Столько разные, что уж странноватой казалась и самая-то разность эта.
Сны его были удивительными. Шибко удивительными.Неземными какими-то.
Был, порою, Ванька огорчённым несколько оттого, что не смог увидеть хоть чего-то такого, что желал бы увидеть.
Впрочем, тут, ведь, никак не угадаешь. Сфера особая. Сновиденная. Не контролируемая никак сознанием человеческим. Ну, не удалось как-то так, да и не удалось. Что показалось тебе, то и показалось. У кого спрашивать? Кому жаловаться?..
Виделось там что-то ему, порой, совсем уж тяжкое и неприятное. А то и вовсе страшное.

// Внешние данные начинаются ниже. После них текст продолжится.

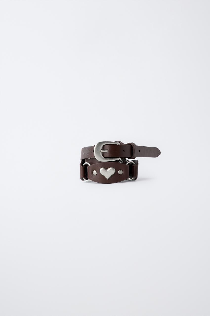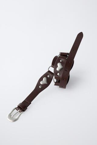 ZARA РЕМЕНЬ С АППЛИКАЦИЕЙ «СЕРДЕЧКИ», КОРИЧНЕВЫЙ

А иногда и иначе: радостное что-то такое, и совершенно невыразимо-сладкое видел-невидел, а ощущал он. Куда было от того деваться? Так уж хотелось тому следовать. Да только – некуда. Нет в жизни земной-грешной туда путей…
Стоп. Это я об чём? Ах да, о снах Ванькиных.
В детстве-отрочестве своём видел Ванька странные очень вещи. Очень сладко случалось иногда просыпаться ему. Где-то там. Оно и не совсем понятно было, где именно. Но нечто такое, вроде далеко-далёкого, напоминавшего ему едва только угадываемую абсолютную гармонию, неведомого хора (Ангельского?), порождало в нём только смутные догадки о том, где именно могло произойти просыпание это. Точнее сказать, «где-то» в странствиях витала душа Ванькина, а само пробуждение происходило неизменно в постели его.
А состояние внутреннее души и тела его было таково, настолько тихим, благостно-лёгким и невесомым, что он будто бы исполнен был весь благодатного эфира. В такие моменты казалось ему, что произошло возвращение его откуда-то, не совсем понятно, откуда именно, но точно сверху – с Неба, наверное. Самого которого он и не помнил никогда, но ощущал-таки его в остаточном переживании блаженного парения. Ванька и пошевельнуться боялся, дабы не утратить дарованного ему, почему-то, такого состояния. И лежал бездвижно и беззвучно до полного своего возвращения в бренный этот мир.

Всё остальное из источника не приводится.